-------- Recorded data

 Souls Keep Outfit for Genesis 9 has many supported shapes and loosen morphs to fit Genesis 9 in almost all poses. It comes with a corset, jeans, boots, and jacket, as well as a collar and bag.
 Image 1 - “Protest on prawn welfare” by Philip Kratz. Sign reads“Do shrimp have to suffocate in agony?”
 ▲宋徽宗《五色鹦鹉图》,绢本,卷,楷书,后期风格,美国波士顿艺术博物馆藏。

----------------
-------- Recorded data

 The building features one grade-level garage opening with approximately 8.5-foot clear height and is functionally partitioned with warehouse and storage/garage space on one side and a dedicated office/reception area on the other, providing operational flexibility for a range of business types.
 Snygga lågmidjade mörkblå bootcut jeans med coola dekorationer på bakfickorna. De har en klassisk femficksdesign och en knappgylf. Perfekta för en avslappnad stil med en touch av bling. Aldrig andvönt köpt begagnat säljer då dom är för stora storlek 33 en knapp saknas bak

----------------

__Exercise__:
Would you please filter the lines above and copy every one that includes "jeans"?

__Final answer__:
 Souls Keep Outfit for Genesis 9 has many supported shapes and loosen morphs to fit Genesis 9 in almost all poses. It comes with a corset, jeans, boots, and jacket, as well as a collar and bag.
 Snygga lågmidjade mörkblå bootcut jeans med coola dekorationer på bakfickorna. De har en klassisk femficksdesign och en knappgylf. Perfekta för en avslappnad stil med en touch av bling. Aldrig andvönt köpt begagnat säljer då dom är för stora storlek 33 en knapp saknas bak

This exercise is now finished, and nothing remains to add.